There are several bills on the table during the 2021 legislative session that may release hundreds of prisoners, including one sponsored by Del. Jazz Lewis (D-Prince George’s) that would allow adults convicted as minors to petition to have their sentences reduced and another sponsored by Sen. Jill P. Carter (D-Baltimore City) and cross-filed by Del. Charlotte Crutchfield (D-Montgomery) that would allow individuals convicted of first-degree murder as minors to have their convictions reviewed. 

House Judiciary Chairman Luke H. Clippinger (D-Baltimore City). Photo by Danielle E. Gaines.

Another bill that would remove the governor from the parole process was introduced by House Judiciary Committee Chairman Luke Clippinger (D-Baltimore City) and Del. Pam Queen (D-Montgomery).

Maryland is one of just a few remaining states that require its governor to sign off on the state parole commission’s recommendations for parole and commutation of life sentences. Should it be enacted, this policy would remove the governor from parole decisions for life sentences. 

The bill passed in the House during the 2020 session but died in the Senate due to time restraints related to the pandemic. Iterations of this legislation have cycled through the General Assembly for years.

In spite of the pending legislation, stakeholders say that Hogan needs to take action via executive order to keep the prison population safe as the pandemic presses on.

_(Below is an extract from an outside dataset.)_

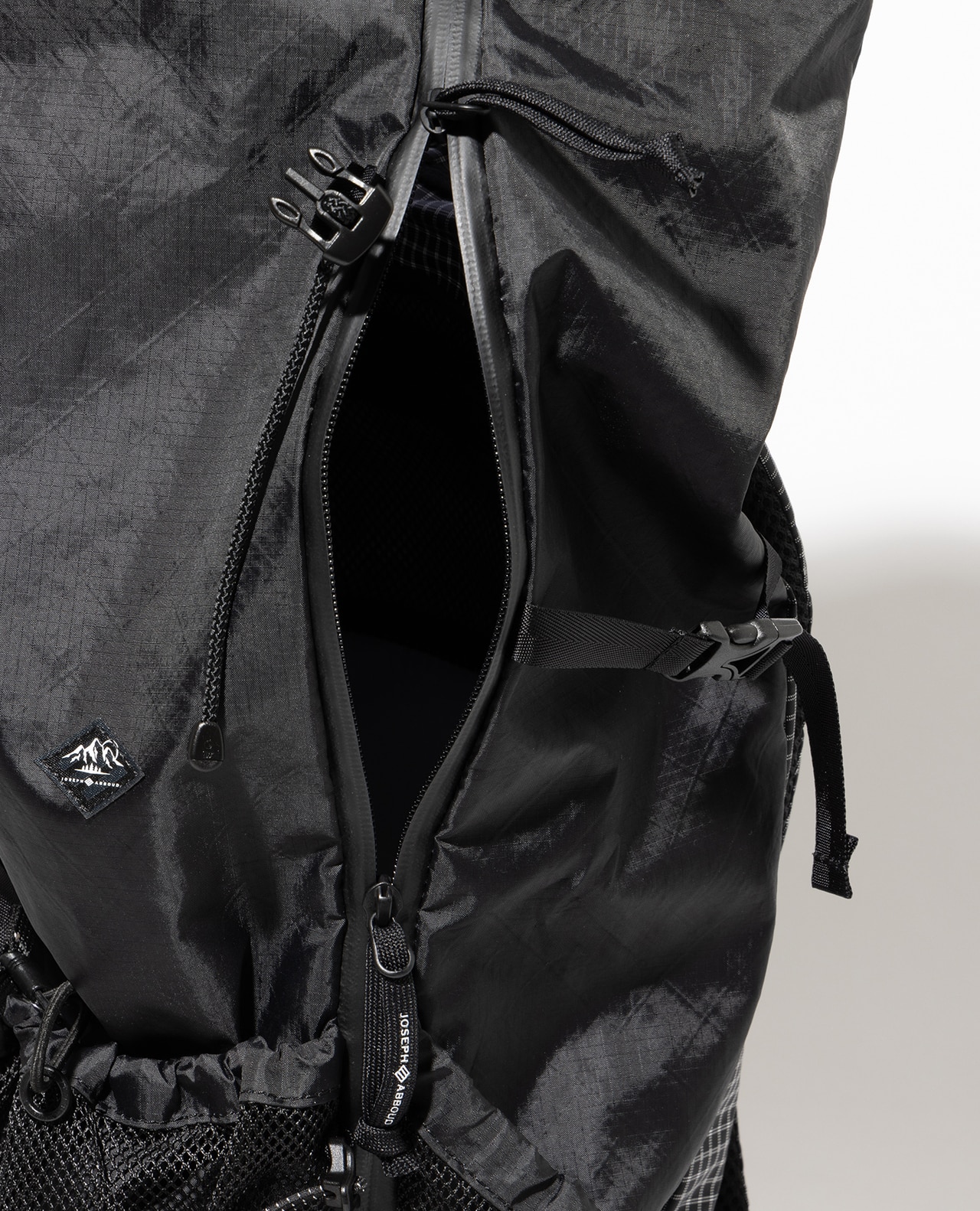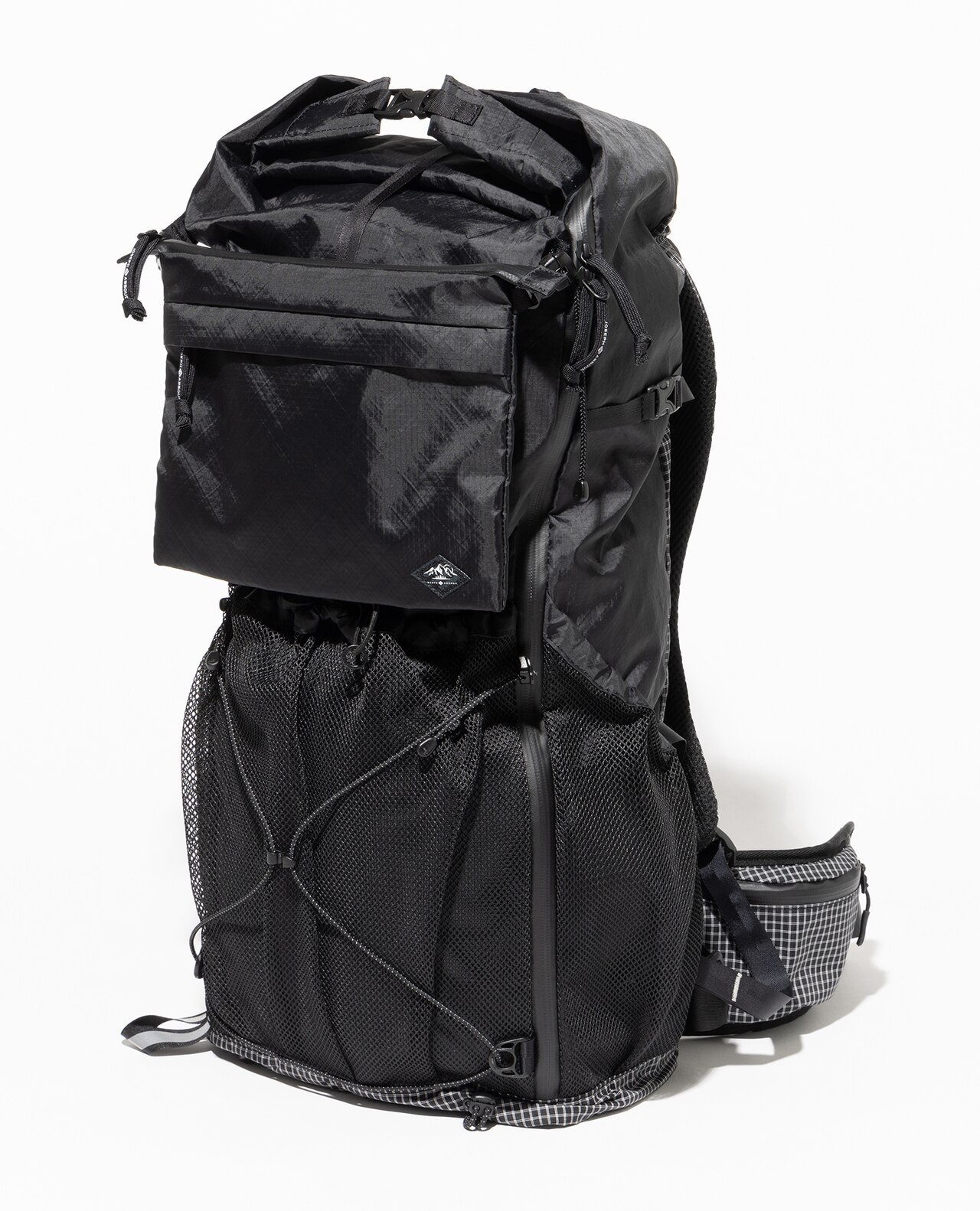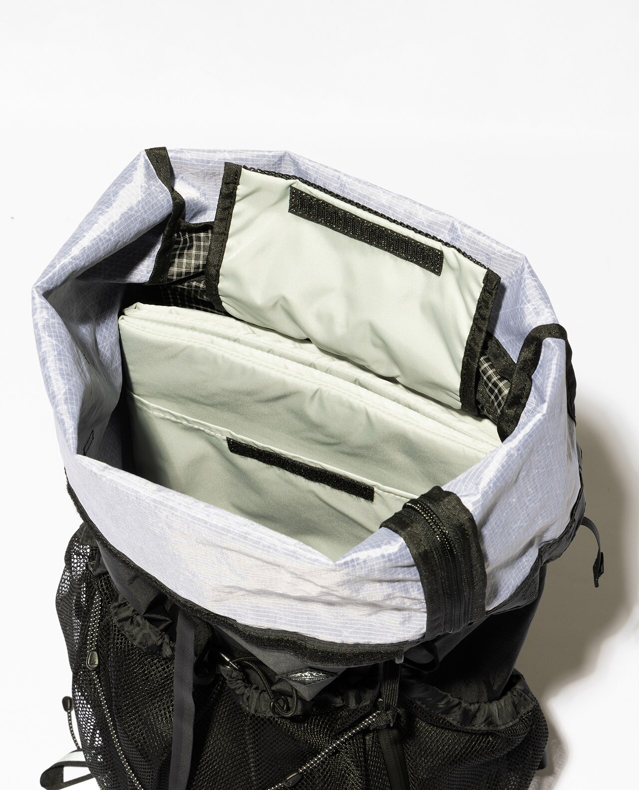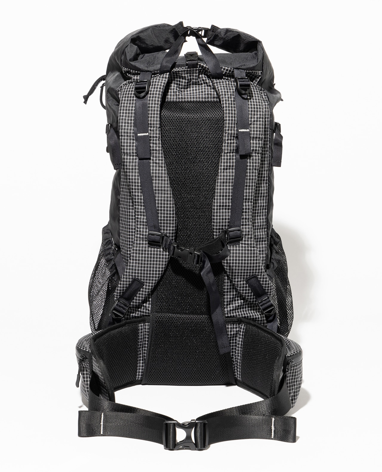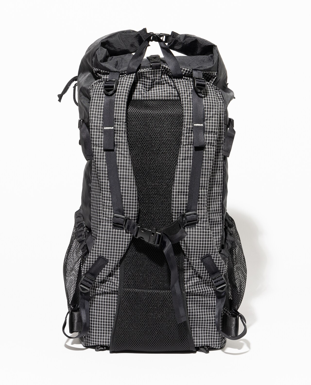 セットレース、カイトなどマリンスポーツ向けの高性能超軽量素材の盟主であるアメリカのCHALLENGE SAILCLOTH社の70dリップストップの生地をブラックのメイン、白い格子が織り込まれたUltra Gridをサブに使用。70dリップストップはより良いステッチ保持と優れた強度を備えています。100%リサイクルポリエステルを使用し、撥水加工にはC0 DWRのサスティナブル素材です。

“It’s not going to be one magic wand that fixes it,” said Hazelton. “It wasn’t one bad thing that created this situation, so there’s not going to be one good thing that fixes it. It‘s gonna be a host and a suite of things that have to happen in order to make corrective actions to get us where we need to be.”

Turner Bey called for Hogan to act immediately.

“The house is on fire. There is no time for us to be playing cards,” he said. “There is no time for games ― individuals’ lives are on the line.”

And he knows exactly how dire the situation is.

Turner Bey wept several times as he recounted the conditions he and his fellow inmates were exposed to, like the tent set up at Jessup Correctional Institution to house inmates infected with COVID-19.  

He said that patients are shackled to the bed by one leg and handcuffed on the opposite hand while they’re being treated. 

“Your left leg is shackled while your right hand is handcuffed to the bed,” he explained. “And the tents are cold.”

“Why men and women are getting this [in]humane treatment in America in this day and time?” he asked through tears. “Why we must die and we wasn’t given death sentences?”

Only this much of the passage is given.